"readdb" is an alias for "org.apache.nutch.crawl.CrawlDbReader"

Returns or Exports information on the Crawl Database


  • nutch-0.8-dev/bin/nutch org.apache.nutch.crawl.CrawlDbReader <crawldb> (-stats | -dump <out_dir> | -url <url>)

    • <crawldb>: Path to the crawldb directory.
      [-stats]: Prints the overall statistics to System.out
      [-dump <out_dir>]: Exports the crawldb to a file in <out_dir>
      [-url <url>]: Prints statistics on <url> to System.out

Configuration Files

  • hadoop-default.xml

Other Files

  • None.

Caveats and Notes

stat command

  • the command -stat is quite useful to get a quick overview of the performed crawl.
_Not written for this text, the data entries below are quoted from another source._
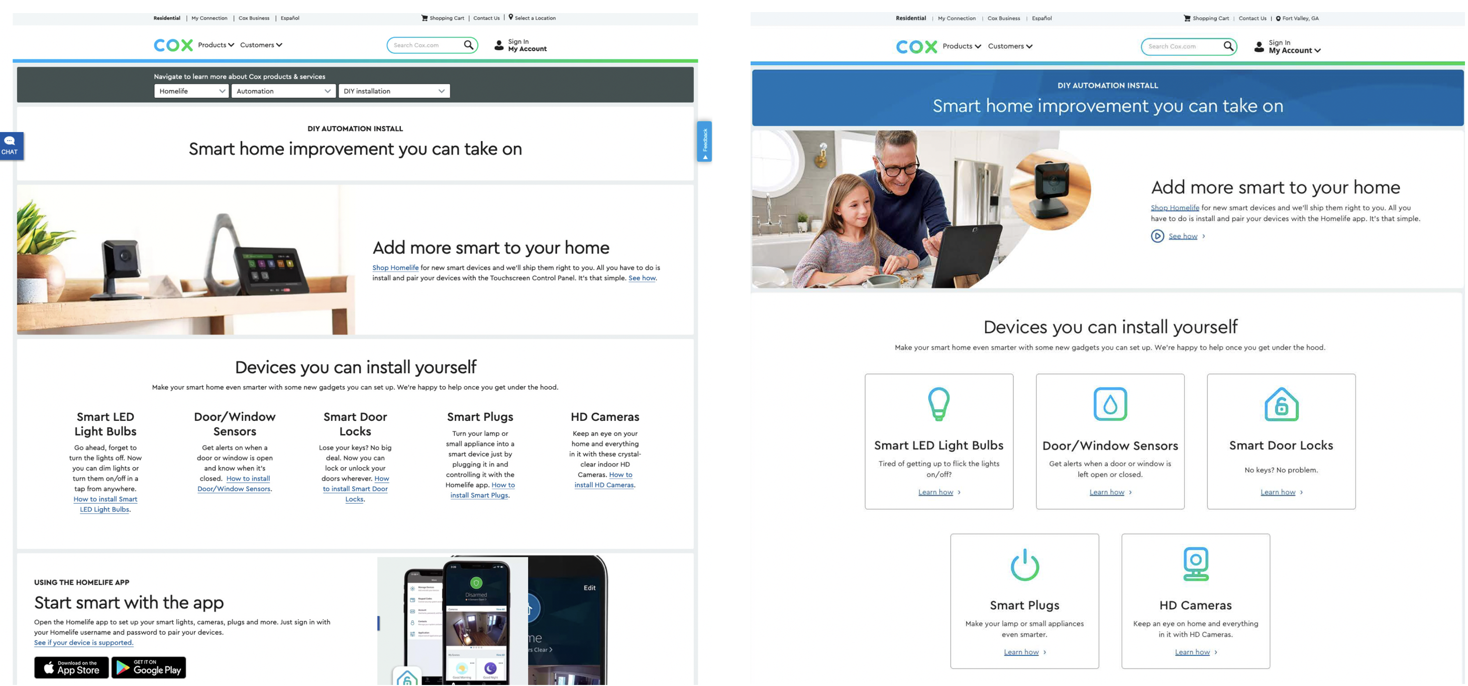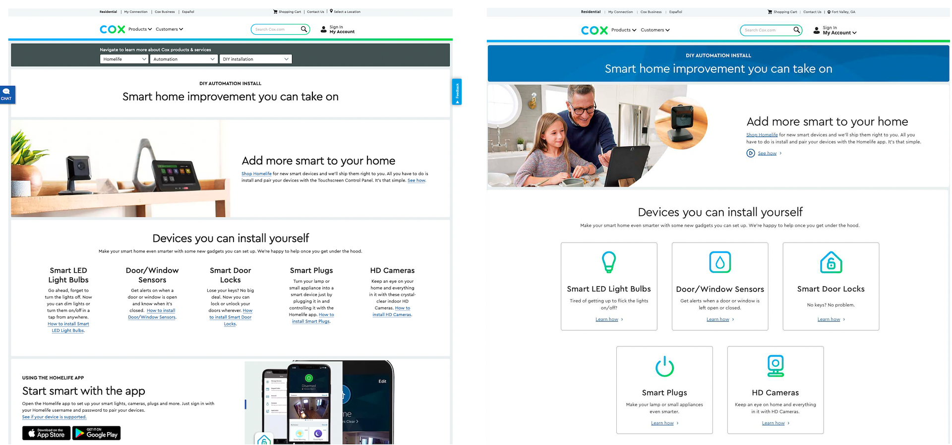 Along with incorporating Cox's brand colors (blue/green), these updates improved the page's UX by looking more scannable.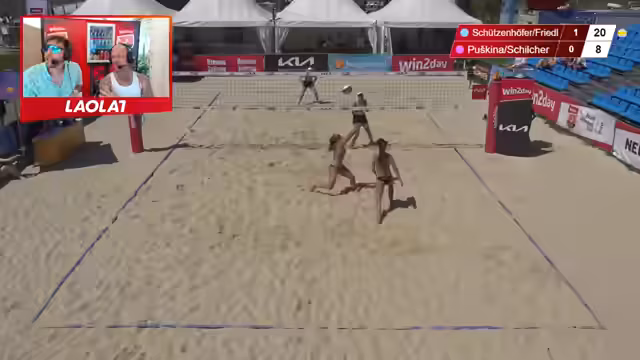 08:17:00Der Spielstand ist 4-3 für Österreich. Die Kommentatoren wechseln die Seiten und erläutern, wie der Score angezeigt wird. Österreich führt mit 14 zu 11 und wechselt die Taktik auf die Außenseite. Ein Angriff ist knapp. Die Diskussion um die Teamzusammenarbeit zwischen Schützenhöfer und Friedl wird fortgesetzt, die auch als pensionierte Beachvolleyballerinnen bezeichnet werden.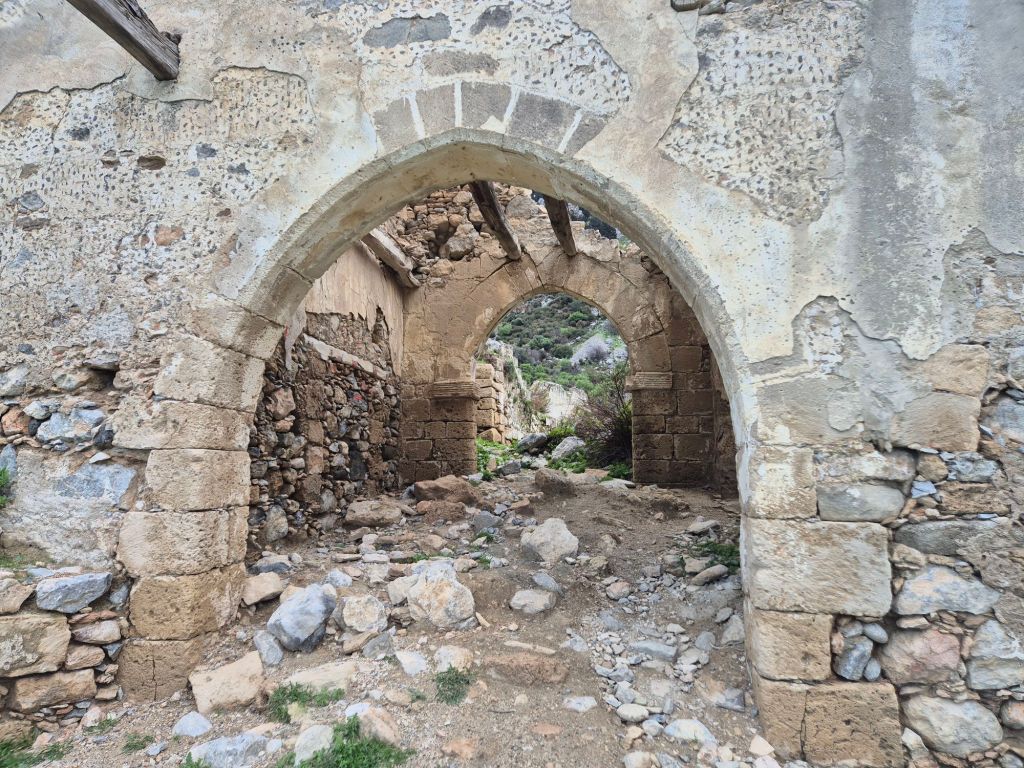 Sina Monastery ruin gave us a leg stretch as access was along a rough track. Believed to be of French origin, but a ruin already by 1882 when Lord Kitchener surveyed Cyprus.  Thieves have taken anything of worth, but it still reveals what a significant place it must once have been.

The output have following meaning:

  • DB_unfetched are pages that are linked to by fetched pages, but not fetched yet (because they are not passing the url filters or are not in the TopN links that Nutch selects for its next fetch cycle).
  • DB_gone means that a 404 or some other presumably permanent error was encountered. This status prevents future attempts to fetch a url.
  • DB_fetched is the number of document that have been fetched and indexed. That's what is important. If you have "status 2 (DB_fetched): 0", then something went wrong.
  • (see http://mail-archives.apache.org/mod_mbox/lucene-nutch-dev/200601.mbox/%3C43C54E85.8040703@nutch.org%3E)